You don’t have to be the governor of the Bank of England to appreciate that the current financial crisis is the worst since the Great Depression of the 1930s.
Unemployment is heading ever upward, the economy is stagnating and the Retail Prices Index is at a 20-year high. Meanwhile, the eurozone limps from one disaster to another, undermining business confidence at home in the process.
With the government committed to Plan A, things can only get worse in the short to medium term. And, of course, it is the public sector that is bearing the heaviest burden.
For local government, in particular, this is proving a painful experience. Town and county halls have been searching for the Big Idea that will save millions of pounds and enable ambitious budgets to be met.
In reality, the Big Idea has been to do less.

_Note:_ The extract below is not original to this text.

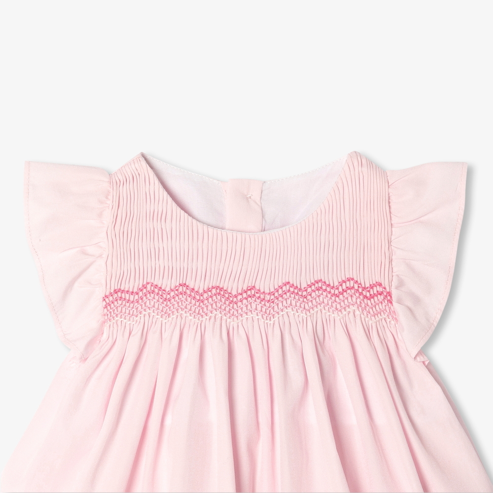 Jacadi’nin zarif stil anlayışını ve incelikli işçiliğini yansıtan bu iki parçalı kız bebek takım, pamuk poplin kumaşıyla yaz gardırobuna rafine bir dokunuş katıyor. Fırfırlı kol oyuntularına sahip bluz, elde işlenmiş smock bib detayıyla öne çıkarken; tamamen astarlı bloomer bu şık ikiliyi kusursuz şekilde tamamlıyor. Hem günlük şıklıkta hem de tatil valizinde yer bulacak bu seçkin tasarım, yaz sezonuna zarif bir eşlik sunuyor.

Eligibility criteria for care services have been toughened, libraries, Sure Start centres and youth clubs closed and road maintenance reduced.
The dog that didn’t bark, however, has been the expected explosion in outsourcing. Participants at a recent Public Finance round table debate agreed that councils were not turning to the private and voluntary sectors in the numbers predicted.
Outsourcing pioneers, such as Suffolk County Council and Birmingham City Council, have been forced into embarrassing U-turns, while the collapse of Southern Cross has highlighted the fact that privatisation does not come without risk.
The front-loading of local government budget cuts has also, paradoxically, shown up the limitations of outsourcing. Negotiating large contracts with the private sector takes time that councils do not have.
Round table participants discussed the potential savings from outsourcing, insourcing, employee-led mutuals, shared services, joint ventures, Community Budgets and combined chief executives. None, they suggested, offers the level of savings required in the time allowed.
So, what is to be done? As Sarah Phillips, the deputy director of the Centre for Public Service Partnerships, told round table attendees, the scale of local government’s financial challenge is unprecedented. And the squeeze will only get tighter as the demand for care services grows.
The fear is that town halls cannot make the savings without reducing services to an unacceptable or dangerous level.
It’s a frightening prospect, and one that is, no doubt, keeping many a council finance director awake at night.